→ What needs to be done
Retype the entries below exactly, and keep every picture out of your version.

→ Data provided
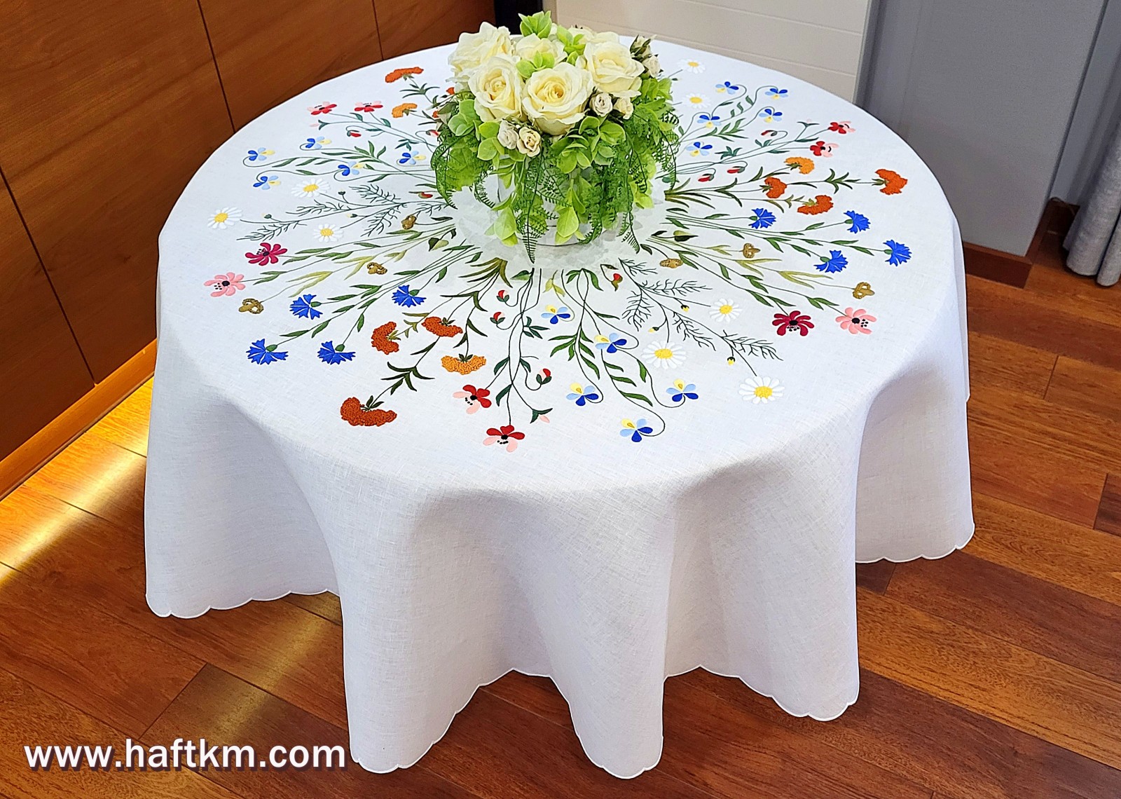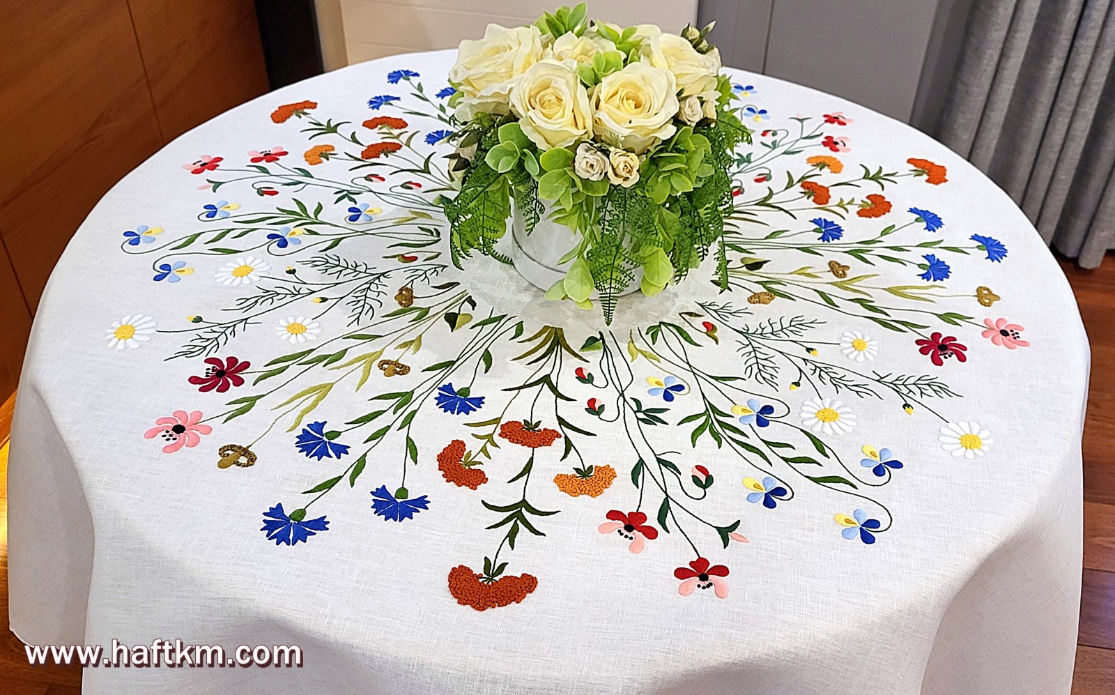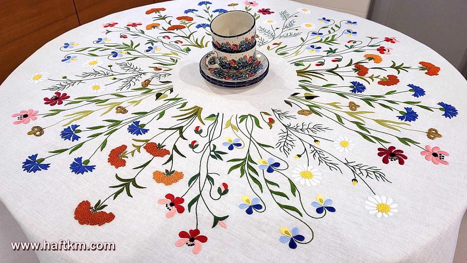 techniką hafciarską - haft wypukły. Ponadto obrus został misternie ozdobiony elegancką i estetyczną mereżką.
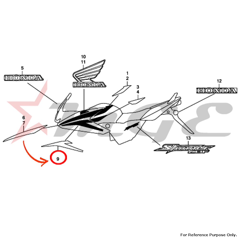 Stripe B, L. Fr. Cowl For Honda CBF125 - Reference Part Number -  #64209-KWF-930ZA, #64209-KWF-930ZB, #64209-KWF-930ZC, #64209-KWF-930ZD
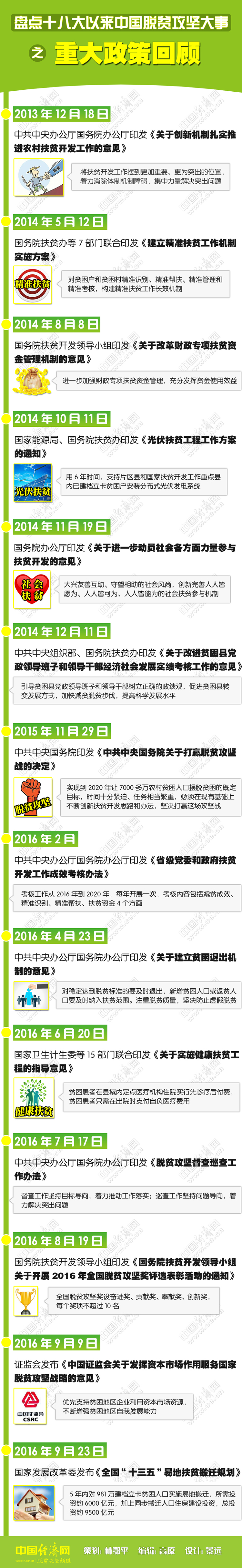 中國經(jīng)濟(jì)網(wǎng)策劃制作系列圖解“盤點(diǎn)十八大以來中國脫貧攻堅大事”!按笫隆狈秩糠郑旱谝徊糠帧翱倳浾f了啥”;第二部分“標(biāo)桿活動回眸”;第三部分為“重大政策回顧”。今日推出《盤點(diǎn)十八大以來中國脫貧攻堅大事之重大政策回顧》。
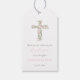 Pink Floral Cross Girl Baptism Favour Tag
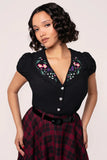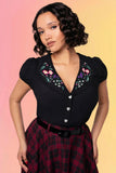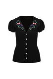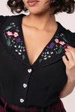 This black viscose blouse features a V-neckline with a pointed collar, trimmed with a delicate black frill and intricate winter floral embroidery.
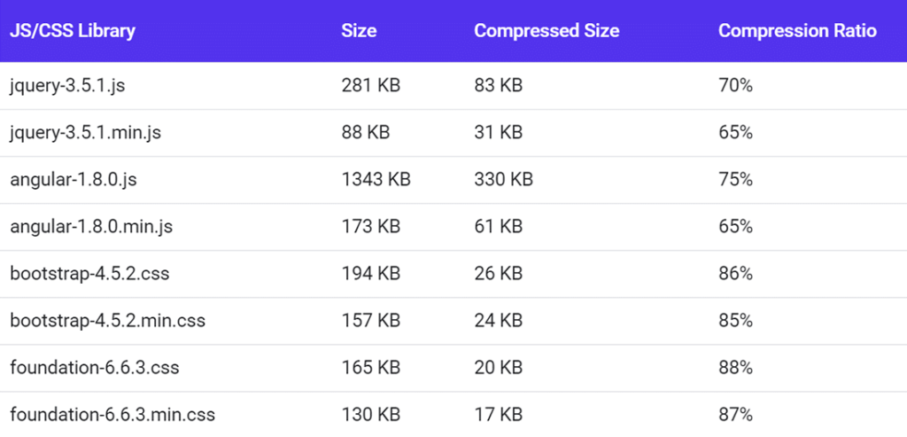 如前所述,与竞争对手相比,GZIP没有最好的压缩比。但这也离他们不远了。通常,它可以帮助您将基于文本的资源的大小减少70-90%。
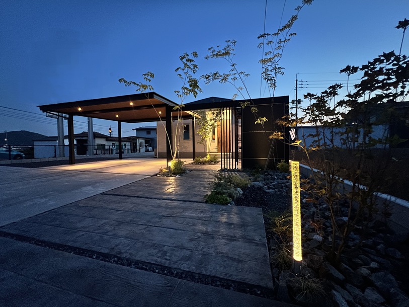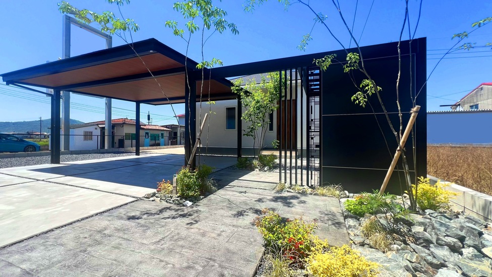 WORKS G-ポート木目天井カーポートとリレーリアをつなぐ素敵なファサード 岡山市 門柱ウォール背面は自転車置き場として目隠しした提案 エントランスアーチ風に仕上げた門廻りと雑木のしなやかさが美しい。 PREV WORKS NEXT
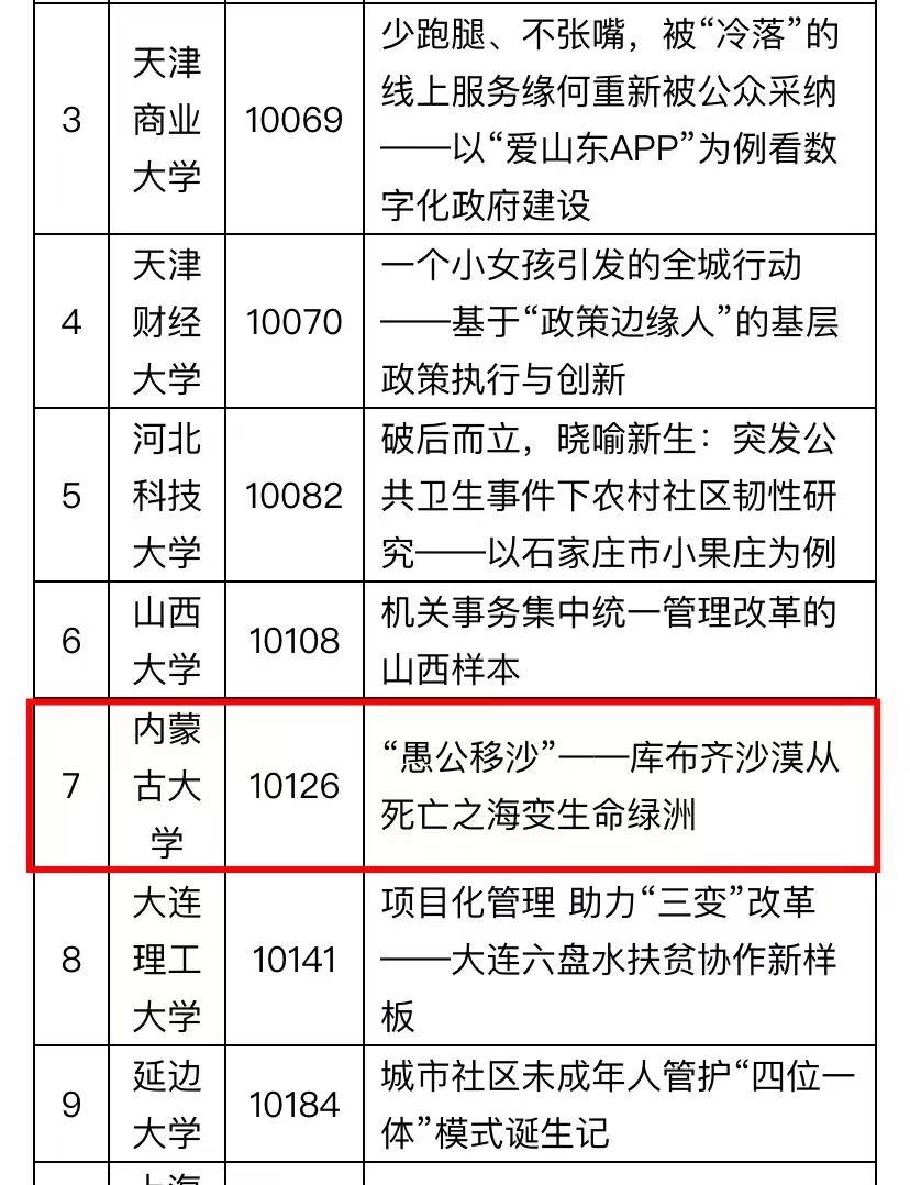 近日,全国公共管理专业学位研究生(MPA)教育指导委员会发布了2023年全国公共管理“精品案例课堂”和“优质案例课堂”名单。经过严格的文本检查、专家评审、教指委会审议及投票等环节,共选出“精品案例课堂”15项,“优质案例课堂”37项。公司李沃源副教授申报的《“愚公移沙”—库布齐沙漠从死亡之海变生命绿洲》入选“优质案例课堂”名单。
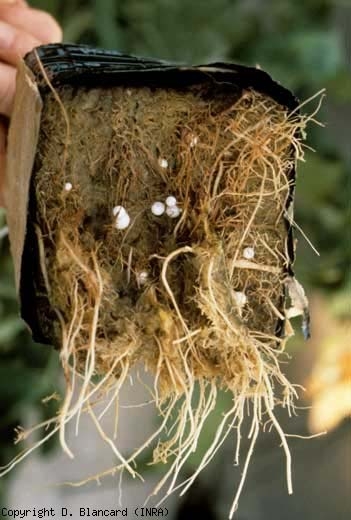 Ce champignon dévastateur est avant tout inféodé au système racinaire de la tomate (figure 1) sur lequel il provoque, dans un premier temps, des lésions localisées sur le cortex de couleur marron à brune. Par la suite, celles-ci s'étendent tandis que d'autres apparaissent. À terme, les racines brunissent presque entièrement, pourrissent plus ou moins et se décomposent. En plus du cortex, qui est particulièrement affecté, le xylème peut brunir : une coupe longitudinale du pivot et de quelques grosses racines permet de le constater.
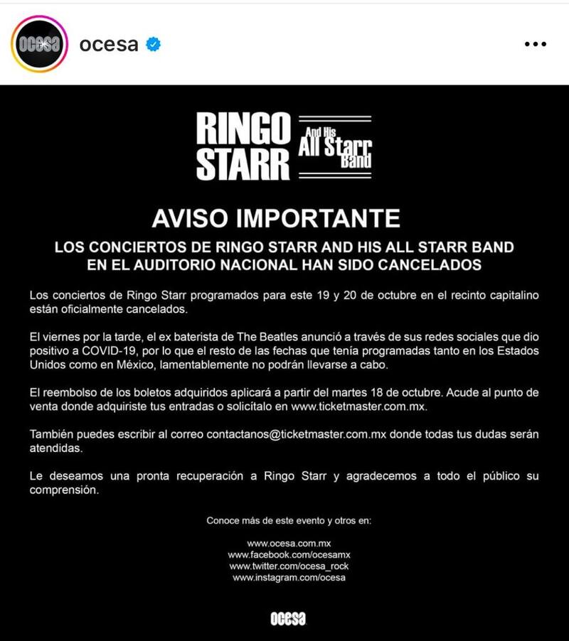 Posteriormente, Ocesa, la empresa promotora, informó por medio de un comunicado que subió a sus redes sociales que los conciertos quedan cancelados y no se reagendaran, así que las personas que compraron boletos de las presentaciones de Ringo Starr podrán tener un rembolso a partir de este 18 de octubre en el lugar donde adquirieron sus entradas y en Ticketmaster.
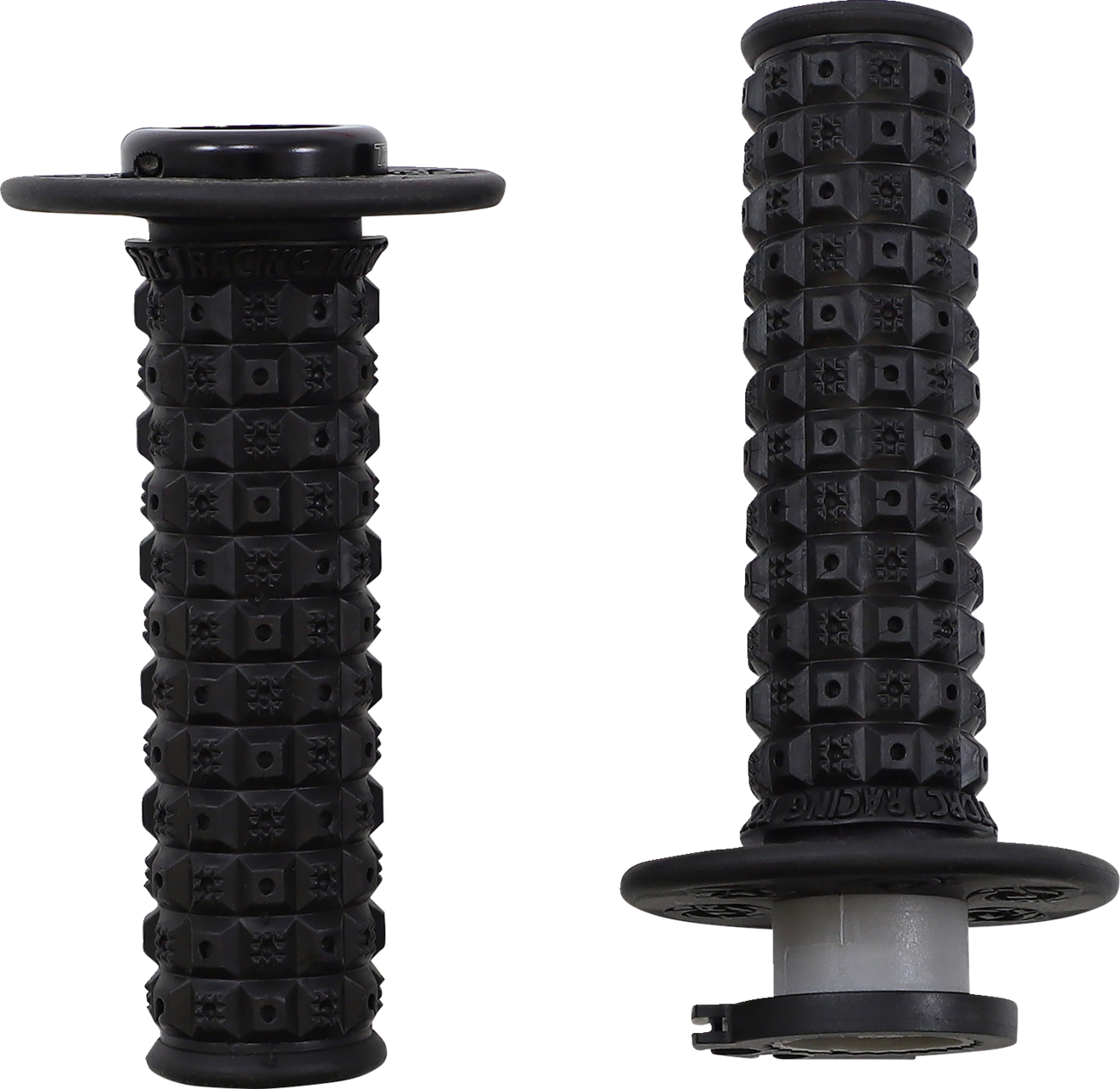 Grips - Defy - Lock-On - KEV-TEC Ballistic Rubber - Black Defy Lock On Grips 100% slip free performance guaranteed Simple installation without waiting for glue to dry OEM spec throttle tube included with 22 point adjustment to put the waffle pattern right where you need it Snap-on multi adjust throttle cams included in each 4-stroke or 2-stroke bike kit No need to purchase any throttle cams separately CNC-machined aluminum locking collar with Torx T15 stainless bolt helps resist stripping and corrosion Race tested diameter with a soft, tacky compound provides the ultimate in feel and control Tapered waffle pattern helps contour to your hand and provides thumb relief Grip donut groove helps keep grip donut flat and in place if needed Knockout ends easily to accommodate wrap-around handguards Mini bike cams for 50cc, 65cc, 85cc, and KLX110 models sold separately.
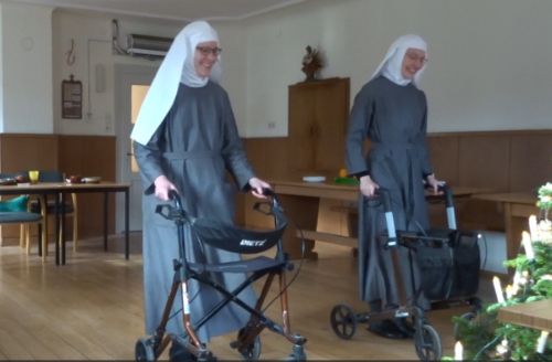In unserer Gemeinschaft werden die Professtage immer sehr festlich gestaltet. So werden verschiedene Orte im Haus geschmückt und es gibt meistens auch ein buntes Programm (kleine Theaterstücke, Gedichte, Tanz, Lieder…). Da unsere Sr. M. Lucia nicht nur der Selbe Jahrgang wie Papst Franziskus ist, sondern auch seine Leidenschaft für den Tango teil, haben unsere beiden Jüngsten zu Ehren unserer Jubilarin und zur Freude von uns allen einen Rollator-Tango aufgeführt der rasant und choreografisch ganz erstklassig war und bei dem die Rollatoren nur so flogen.

→ Output for this task
 techniką hafciarską - haft wypukły. Ponadto obrus został misternie ozdobiony elegancką i estetyczną mereżką.
 Stripe B, L. Fr. Cowl For Honda CBF125 - Reference Part Number -  #64209-KWF-930ZA, #64209-KWF-930ZB, #64209-KWF-930ZC, #64209-KWF-930ZD
 中國經(jīng)濟(jì)網(wǎng)策劃制作系列圖解“盤點(diǎn)十八大以來中國脫貧攻堅大事”!按笫隆狈秩糠郑旱谝徊糠帧翱倳浾f了啥”;第二部分“標(biāo)桿活動回眸”;第三部分為“重大政策回顧”。今日推出《盤點(diǎn)十八大以來中國脫貧攻堅大事之重大政策回顧》。
 Pink Floral Cross Girl Baptism Favour Tag
 This black viscose blouse features a V-neckline with a pointed collar, trimmed with a delicate black frill and intricate winter floral embroidery.
 如前所述,与竞争对手相比,GZIP没有最好的压缩比。但这也离他们不远了。通常,它可以帮助您将基于文本的资源的大小减少70-90%。
 WORKS G-ポート木目天井カーポートとリレーリアをつなぐ素敵なファサード 岡山市 門柱ウォール背面は自転車置き場として目隠しした提案 エントランスアーチ風に仕上げた門廻りと雑木のしなやかさが美しい。 PREV WORKS NEXT
 近日,全国公共管理专业学位研究生(MPA)教育指导委员会发布了2023年全国公共管理“精品案例课堂”和“优质案例课堂”名单。经过严格的文本检查、专家评审、教指委会审议及投票等环节,共选出“精品案例课堂”15项,“优质案例课堂”37项。公司李沃源副教授申报的《“愚公移沙”—库布齐沙漠从死亡之海变生命绿洲》入选“优质案例课堂”名单。
 Ce champignon dévastateur est avant tout inféodé au système racinaire de la tomate (figure 1) sur lequel il provoque, dans un premier temps, des lésions localisées sur le cortex de couleur marron à brune. Par la suite, celles-ci s'étendent tandis que d'autres apparaissent. À terme, les racines brunissent presque entièrement, pourrissent plus ou moins et se décomposent. En plus du cortex, qui est particulièrement affecté, le xylème peut brunir : une coupe longitudinale du pivot et de quelques grosses racines permet de le constater.
 Posteriormente, Ocesa, la empresa promotora, informó por medio de un comunicado que subió a sus redes sociales que los conciertos quedan cancelados y no se reagendaran, así que las personas que compraron boletos de las presentaciones de Ringo Starr podrán tener un rembolso a partir de este 18 de octubre en el lugar donde adquirieron sus entradas y en Ticketmaster.
 Grips - Defy - Lock-On - KEV-TEC Ballistic Rubber - Black Defy Lock On Grips 100% slip free performance guaranteed Simple installation without waiting for glue to dry OEM spec throttle tube included with 22 point adjustment to put the waffle pattern right where you need it Snap-on multi adjust throttle cams included in each 4-stroke or 2-stroke bike kit No need to purchase any throttle cams separately CNC-machined aluminum locking collar with Torx T15 stainless bolt helps resist stripping and corrosion Race tested diameter with a soft, tacky compound provides the ultimate in feel and control Tapered waffle pattern helps contour to your hand and provides thumb relief Grip donut groove helps keep grip donut flat and in place if needed Knockout ends easily to accommodate wrap-around handguards Mini bike cams for 50cc, 65cc, 85cc, and KLX110 models sold separately.
In unserer Gemeinschaft werden die Professtage immer sehr festlich gestaltet. So werden verschiedene Orte im Haus geschmückt und es gibt meistens auch ein buntes Programm (kleine Theaterstücke, Gedichte, Tanz, Lieder…). Da unsere Sr. M. Lucia nicht nur der Selbe Jahrgang wie Papst Franziskus ist, sondern auch seine Leidenschaft für den Tango teil, haben unsere beiden Jüngsten zu Ehren unserer Jubilarin und zur Freude von uns allen einen Rollator-Tango aufgeführt der rasant und choreografisch ganz erstklassig war und bei dem die Rollatoren nur so flogen.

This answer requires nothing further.